After this process, the mold (<NUM>) is taken to a cooling tunnel (not shown) and cooled down to <NUM>. The cooled and hardened shell (<NUM>) is taken out of the mold (<NUM>) by pushing from the bottom of the cavity (<NUM>) with the pushing means (not shown) provided in the pusher channel (<NUM>).

Claim 1:
A confectionery production method comprising the steps of:
a) providing a plastic caramel mass (<NUM>) to a base (<NUM>) of a cup shaped rigid cavity (<NUM>) of a mold (<NUM>),
b) forming a caramel shell (<NUM>) by at least partially plastering the caramel mass (<NUM>) to inner wall by means of forming a depression with a pressure tip (<NUM>) of the first core (<NUM>) penetrating into the cavity (<NUM>),
c) drilling the caramel mass (<NUM>) from a base part (<NUM>) by means of a carving rod (<NUM>) penetrating the cavity (<NUM>) subsequent to depression forming step such that pressing to the depression (<NUM>) from above with an end portion (<NUM>) to reduce thickness of the wall,
d) pressing to the caramel shell (<NUM>) to confine the upper edge by means of a peripheral flange (<NUM>) of the second core (<NUM>) by partial penetration forming a space at the inner edge (<NUM>),
e) forming another depression (<NUM>) at the center of the base part (<NUM>) at a trimming mold (<NUM>) by means of a protrusion (<NUM>) arranged at the lower end of the second core (<NUM>)
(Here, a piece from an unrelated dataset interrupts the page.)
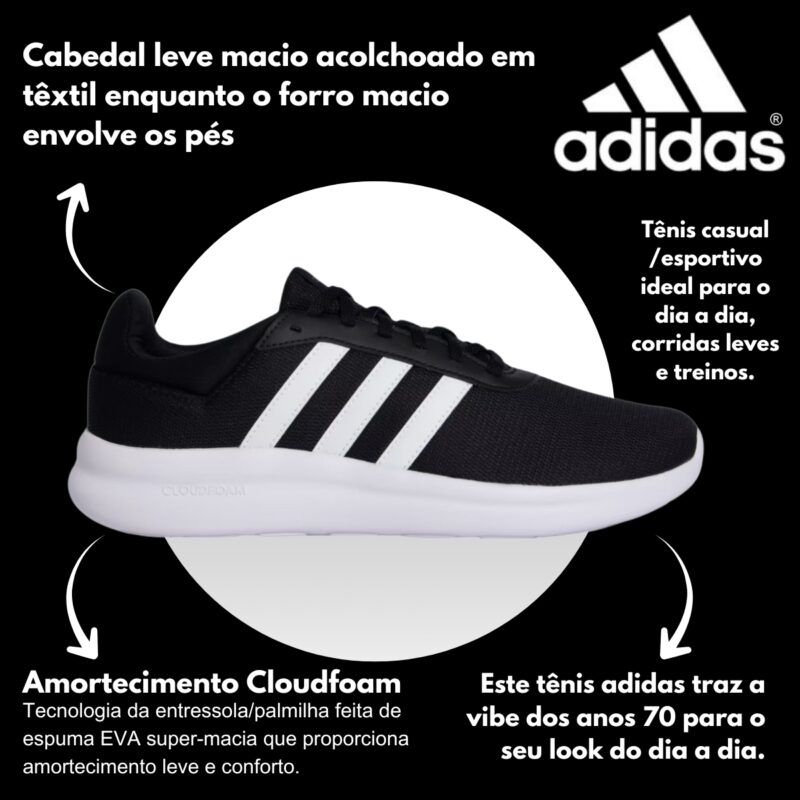 Em até 6x de R$ 66,67 sem juros À vistaR$ 319,99no PixTênis Adidas Lite Racer 4.0 Preto/Branco JJ7367

f) a conical trimming mold (<NUM>) entering the cavity (<NUM>) from the top and being seated in upper opening (<NUM>) of the caramel shell (<NUM>) forming a tapered edge (<NUM>) towards the upper opening (<NUM>) provided at an outer periphery,
g) providing a whole nut (<NUM>) in the lower part (<NUM>) aligned with the depression (<NUM>), and
h) filling inside the cavity (<NUM>) of the caramel shell (<NUM>) with a filler (<NUM>).